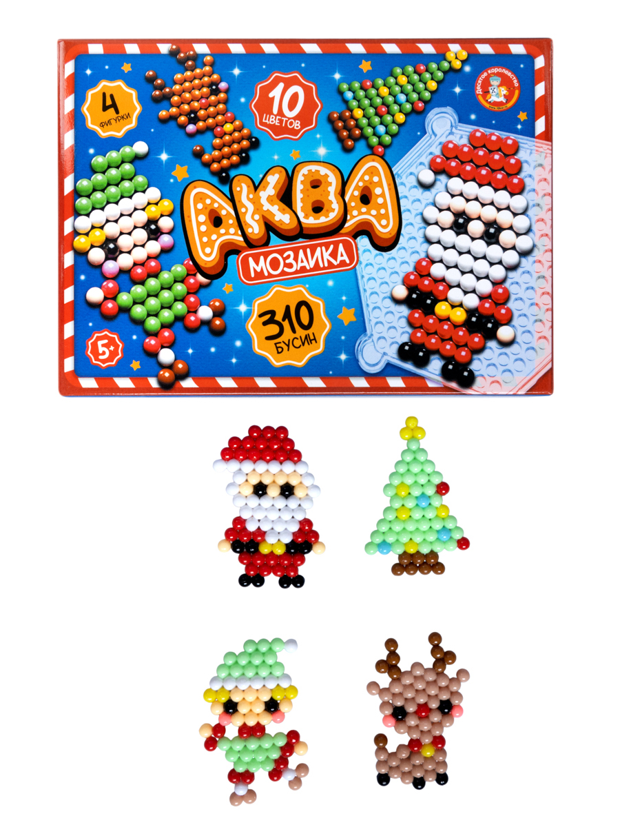 Развивающая аквамозаика для детей «Новый год» - это увлекательный набор, который позволит юным исследователям создать милых новогодних персонажей, без клея и красок! Просто возьми бусины и добавь воды!Состав:
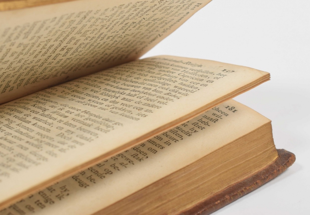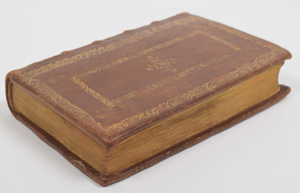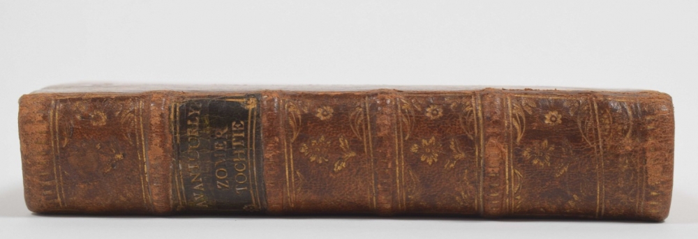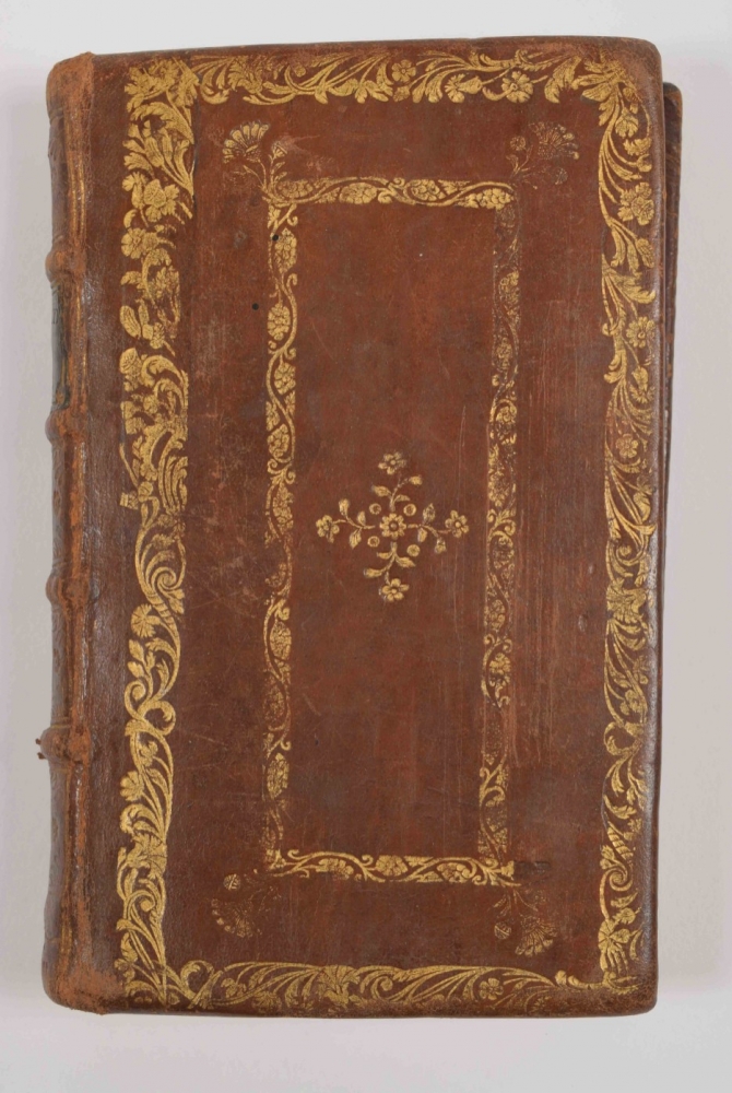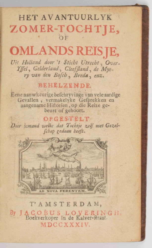 of omlands reisje, uit Holland door 't sticht Utrecht, Over-Yssel, Gelderland, (...) vermakelyke gesprekken en aangename historien, op die reize gebeurt of gehoort. Opgestelt door iemand welke dat tochtje zelf met gezelschap gedaan heeft. Amsterdam, Jacobus Loveringh, 1734. (6), 439 pp. Engraved printer's device on title page. Leather, richly gilt boards, ribbed gilt spine with title vignette, gilt edges, 8vo.
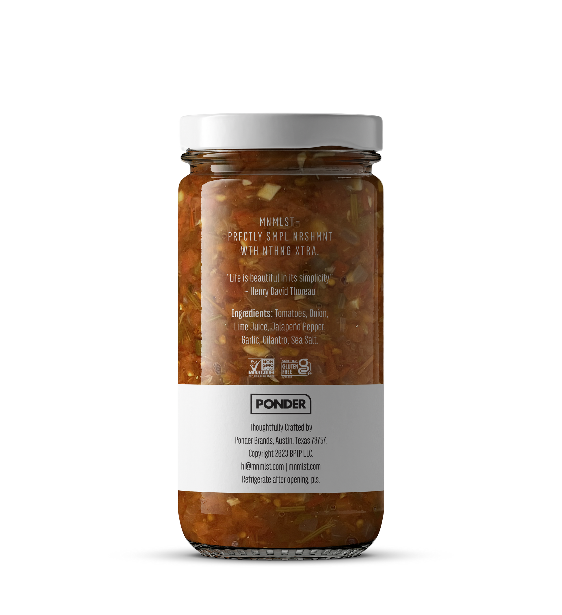 INGREDIENTS: Tomatoes, Onion, Lime Juice, Jalapeño Pepper, Garlic, Cilantro, Sea Salt.
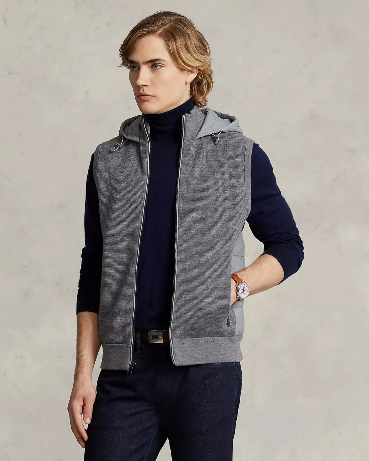Polo Ralph Lauren Wool Hybrid Full Zip Hooded Sweater Vest Bodywarmer L
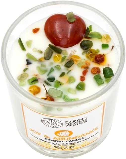 Housed in a glass container, this candle features a Green Jade and Carnelian crystal at its heart, chosen to symbolize joy, abundance, and positive energy. After the candle has finished burning, the crystal can be kept as a personal token or placed in a sacred space as a reminder of intention and mindfulness.
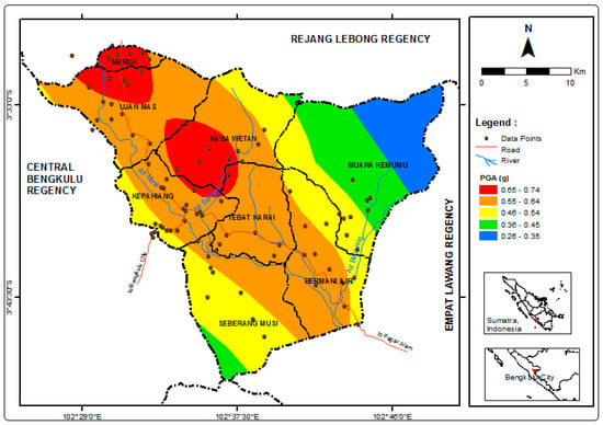 PGA bedrock map of Kepahiang regency, Bengkulu province, Indonesia (modified from Hadi and Brotopuspito []).
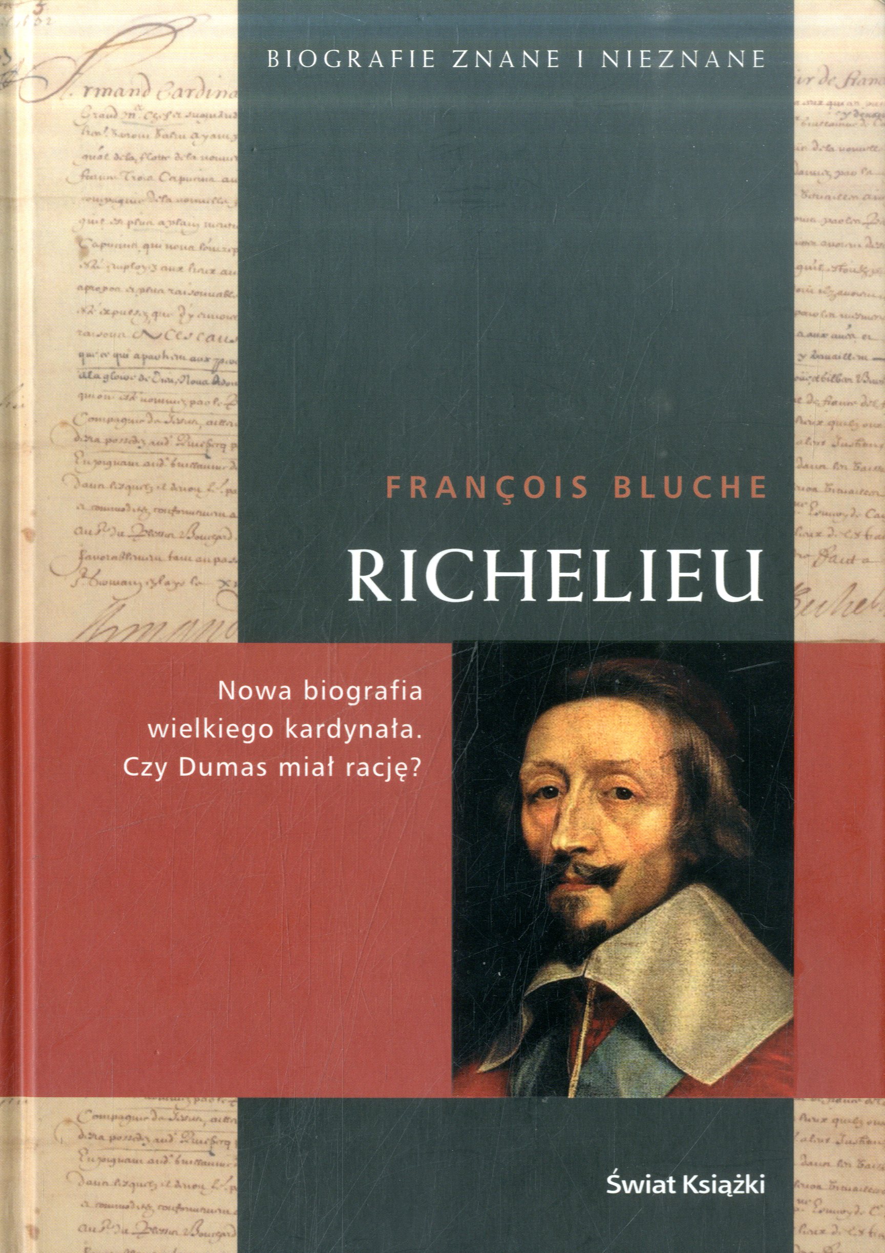 Czy Dumas miał rację? Czy naprawdę wiemy jaki był kardynał Richelieu, jeden z twórców wielkości Francji? Wspominamy go jako "człowieka w czerwieni", postać bezwzględną, podstępną i okrutną - tak jak opisywał go Dumas w "Trzech Muszkieterach". Przypisuje mu się pokonanie La Rochelle (słusznie) i wywalczenie naturalnych granic państwa (niesłusznie). Przypisuje mu się też zwycięstwo nad Domem Austrii (co jest prawdą) i cyniczny kult racji stanu (co prawdą nie jest). Książka Francois'a Bluche'a pozwala na zobaczenie postaci mniej przerażającej niż jej własna legenda, choć nie zawsze wzbudzającej zaufanie, niepozbawionej cech ludzkich, a nawet poczucia humoru. Założyciel Akademii Francuskiej to nie tylko bezlitosny polityk.

# What the task asks
Each line above should be set down exactly as written, with pictures excluded.

# Written solution
 Развивающая аквамозаика для детей «Новый год» - это увлекательный набор, который позволит юным исследователям создать милых новогодних персонажей, без клея и красок! Просто возьми бусины и добавь воды!Состав:
 of omlands reisje, uit Holland door 't sticht Utrecht, Over-Yssel, Gelderland, (...) vermakelyke gesprekken en aangename historien, op die reize gebeurt of gehoort. Opgestelt door iemand welke dat tochtje zelf met gezelschap gedaan heeft. Amsterdam, Jacobus Loveringh, 1734. (6), 439 pp. Engraved printer's device on title page. Leather, richly gilt boards, ribbed gilt spine with title vignette, gilt edges, 8vo.
 INGREDIENTS: Tomatoes, Onion, Lime Juice, Jalapeño Pepper, Garlic, Cilantro, Sea Salt.
Polo Ralph Lauren Wool Hybrid Full Zip Hooded Sweater Vest Bodywarmer L
 Housed in a glass container, this candle features a Green Jade and Carnelian crystal at its heart, chosen to symbolize joy, abundance, and positive energy. After the candle has finished burning, the crystal can be kept as a personal token or placed in a sacred space as a reminder of intention and mindfulness.
 PGA bedrock map of Kepahiang regency, Bengkulu province, Indonesia (modified from Hadi and Brotopuspito []).
 Czy Dumas miał rację? Czy naprawdę wiemy jaki był kardynał Richelieu, jeden z twórców wielkości Francji? Wspominamy go jako "człowieka w czerwieni", postać bezwzględną, podstępną i okrutną - tak jak opisywał go Dumas w "Trzech Muszkieterach". Przypisuje mu się pokonanie La Rochelle (słusznie) i wywalczenie naturalnych granic państwa (niesłusznie). Przypisuje mu się też zwycięstwo nad Domem Austrii (co jest prawdą) i cyniczny kult racji stanu (co prawdą nie jest). Książka Francois'a Bluche'a pozwala na zobaczenie postaci mniej przerażającej niż jej własna legenda, choć nie zawsze wzbudzającej zaufanie, niepozbawionej cech ludzkich, a nawet poczucia humoru. Założyciel Akademii Francuskiej to nie tylko bezlitosny polityk.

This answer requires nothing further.